Under its current draft, manufacturers and contractors in the garment industry would also be required to register with the Labor Department. The Department of Labor registration fee will help spur the revitalization of the nation’s manufacturing landscape. In the meantime, the information collected on manufacturers will facilitate record keeping and transparency measures.
In a major attempt to reduce fashion’s power imbalances and instill a sense of alignment – amid instances of continued late payment within fashion – the drafters of the bill included a clause on the joint liability. Thus, brands (including licensors) as well as contractors will share joint liability for any breach, including reimbursement of lost wages and additional damages, if any.

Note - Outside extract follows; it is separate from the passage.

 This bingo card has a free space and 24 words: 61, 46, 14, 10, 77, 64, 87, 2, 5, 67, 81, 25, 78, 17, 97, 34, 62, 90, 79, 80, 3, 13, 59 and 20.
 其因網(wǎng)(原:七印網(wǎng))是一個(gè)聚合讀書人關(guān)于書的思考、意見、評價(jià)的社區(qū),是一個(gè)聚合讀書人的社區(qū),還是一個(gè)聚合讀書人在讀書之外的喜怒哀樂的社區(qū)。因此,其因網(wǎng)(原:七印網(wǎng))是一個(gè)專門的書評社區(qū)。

If adopted, the amendments will enter into force six months after their promulgation. The application and maintenance of records would be carried out by the Secretary of Labor, acting through an Under Secretary appointed by the garment industry, or the Under Secretary of Labor for the garment industry. Individual offenders could face fines of up to $50 million, depending on the seriousness of the situation.
Let’s talk incentives
Any registered manufacturer or non-profit entity providing workforce development opportunities within the industry is eligible for a grant of up to $5 million, as included in the broader package, applying to the secretary at work. Applicants with priority status will be at the top of the pile. For example, this includes businesses owned by minorities, veterans, or women, workplaces with collective bargaining units, or businesses with tenures longer than five years (because the average lifespan of a store of clothes is only 13 months).
Eligible grant projects can cover improved tools and equipment for manufacturers that improve safety, as well as training and education for garment workers.

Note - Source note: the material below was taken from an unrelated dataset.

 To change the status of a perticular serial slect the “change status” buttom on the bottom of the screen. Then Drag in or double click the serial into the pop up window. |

For nearby relocation tax credits, the 30% tax credit can be claimed in the first full tax year following the guidelines for relocating or increasing domestic employment to full-time. For clarity, the Commonwealth of Puerto Rico and the Commonwealth of the Northern Mariana Islands are included in the exchangeable relocation centers for the United States.
What it is not
While a pro-labour bill, the legislation has bipartisan elements Gillibrand says both sides can support (job creation and tax breaks, for starters). “The bill is quite simple. It just requires a fair work environment and fair treatment of workers, and it allows certain resources to do that,” Gillibrand told WWD. “The combination of this investment and the fact that it demands broader and better treatment of workers [is] a combination that has appeal, so we’ll be asking for a vote by the end of the year.
Sole operators of a garment business without employees, such as a tailor or seamstress, do not fall under the definition of a “clothing manufacturer” and are therefore omitted from the wording of the bill.
Although the bill alludes to a process for “resolving disputes over non-payment of wages,” it does not clarify timelines, procedures, or refer to existing fair business practices, as similar regulations do. such as the Unfair Commercial Practices Directive in the European Union, which exists for food and agriculture and limits payment terms to 30 or 60 days.